» **Work instruction**: Restate verbatim the span of lines below between the line with "Tiến sĩ Fauci" and the line with "山芥,二年生草本,高25-6", including those two lines, and only that span.

» **Task material**:
-- -- --
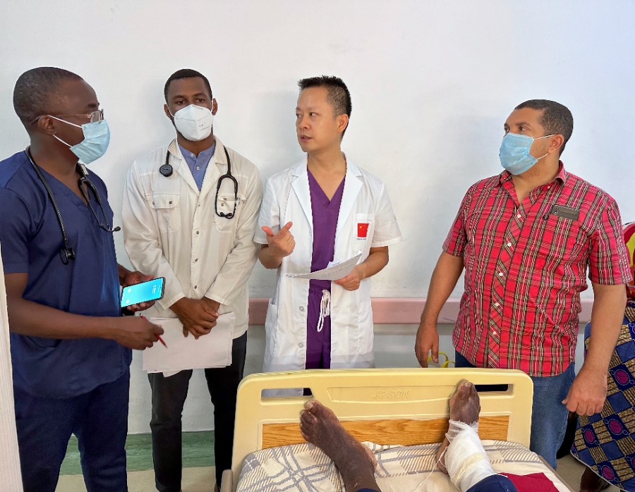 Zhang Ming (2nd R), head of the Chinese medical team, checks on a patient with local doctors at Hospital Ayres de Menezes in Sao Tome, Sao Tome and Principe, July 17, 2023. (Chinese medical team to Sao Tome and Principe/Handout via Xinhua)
-- -- --
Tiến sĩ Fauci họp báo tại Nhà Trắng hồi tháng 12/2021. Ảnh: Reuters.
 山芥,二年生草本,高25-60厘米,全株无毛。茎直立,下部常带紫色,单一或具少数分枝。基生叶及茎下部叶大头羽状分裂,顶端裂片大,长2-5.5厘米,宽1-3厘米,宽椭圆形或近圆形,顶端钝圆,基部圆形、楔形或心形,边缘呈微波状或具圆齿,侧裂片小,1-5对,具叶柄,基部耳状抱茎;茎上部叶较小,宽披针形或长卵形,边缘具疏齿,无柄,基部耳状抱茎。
-- -- --
» **Output for this task**:
Tiến sĩ Fauci họp báo tại Nhà Trắng hồi tháng 12/2021. Ảnh: Reuters.
 山芥,二年生草本,高25-60厘米,全株无毛。茎直立,下部常带紫色,单一或具少数分枝。基生叶及茎下部叶大头羽状分裂,顶端裂片大,长2-5.5厘米,宽1-3厘米,宽椭圆形或近圆形,顶端钝圆,基部圆形、楔形或心形,边缘呈微波状或具圆齿,侧裂片小,1-5对,具叶柄,基部耳状抱茎;茎上部叶较小,宽披针形或长卵形,边缘具疏齿,无柄,基部耳状抱茎。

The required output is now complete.